The increase has prompted some quarters to raise the red flag of a speculative bubble that may be forming on global equity markets.

The benchmark FBM KLCI was trading at 20.49 times price to earnings (PE) on late July 2009, according to Bloomberg data. Bursa’s normalised valuations range from 10 to 20 times PE, with the latter representing peak valuations. The FBM KLCI’s 20.49 times PE ratio was a five-year high, after reaching a low of 9.26 times on Oct 24, 2008. Indonesia’s Jakarta Composite Index valuations also neared a five-year high last Friday at 28.56 times, recovering from a low of 6.77 times on Nov 21, 2008. Singapore’s Straits Times Index, which was revamped in January 2008, also hit its record high last Friday, trading at 16.19 times PE. Hong Kong’s Hang Seng Index, which was valued at 18.55 times PE, neared its five-year high of 20.34 times PE, which was last seen in 2007.

That markets were close to the peaks suggested that investors were expecting corporate earnings to match pre-crisis levels. However, chances were slim that the systemic risks exposed by the crisis had all been completely erased more than a year after the crisis first broke out.

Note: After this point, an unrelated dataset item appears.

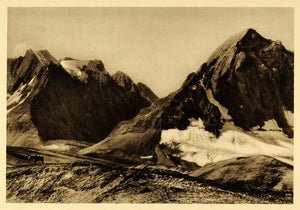 This is an original 1926 photogravure of Wolverine Pass with Mt. Gray and Mt. Drysdale in Kootenay National Park in the Province of British Columbia (Columbie Britannique, Britisch Columbien, Columbia Britannica), Canada. (Please note that there is printing on the reverse.)

By all accounts, the present rally (March 2009 – July 2009) is being driven by liquidity, but that could not go on forever.

By AMResearch … Aug 2009

Markets were outrunning the economy as equity investors were pricing in a recovery in 2010.

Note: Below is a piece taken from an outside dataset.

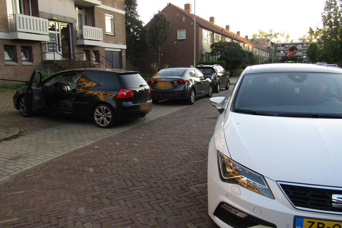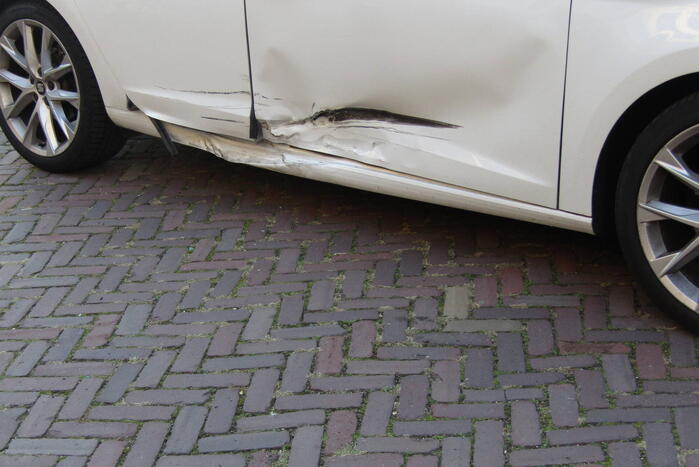 Eén van de betrokken auto's raakte door de botsing flink beschadigd aan de zijkant.

Markets are outrunning the economy, but that’s happening everywhere. The market usualy prices ahead the economy by between six and nine months. The markets are growing to reflect expected potential earnings from next year (2010) even as economies are still contracting.It expects the markets to take corrective measures at some point and based on previous bear market rallies, to correct by between 15% and 22%.

By RAM … Aug 2009

Although a recovery was imminent, it would not be V-shaped — meaning no sudden surge after the trough. Moreover, the global economy was not out of the woods yet.

Developed countries that contribute more than 60% of global output are still in recession, but it is important to note that the recovery process has begun. There are signs that we are on an uptrend, but it is also a slippery slope due to massive wealth destruction. As long as credit flows are subdued, there might be a relapse in the US and European economies, which could trickle down to us.

Though no bubble had developed in key markets, it did not mean that one would not form. In Malaysia, we have not exhibited the classic symptoms of a bubble such as supply outstripping demand, a steep decline in prices and an excess of 20% increase in credit growth over a lengthy period of time.

But often with bubbles, you don’t know you are in one until it pops, and this is an innate failure of the capital markets.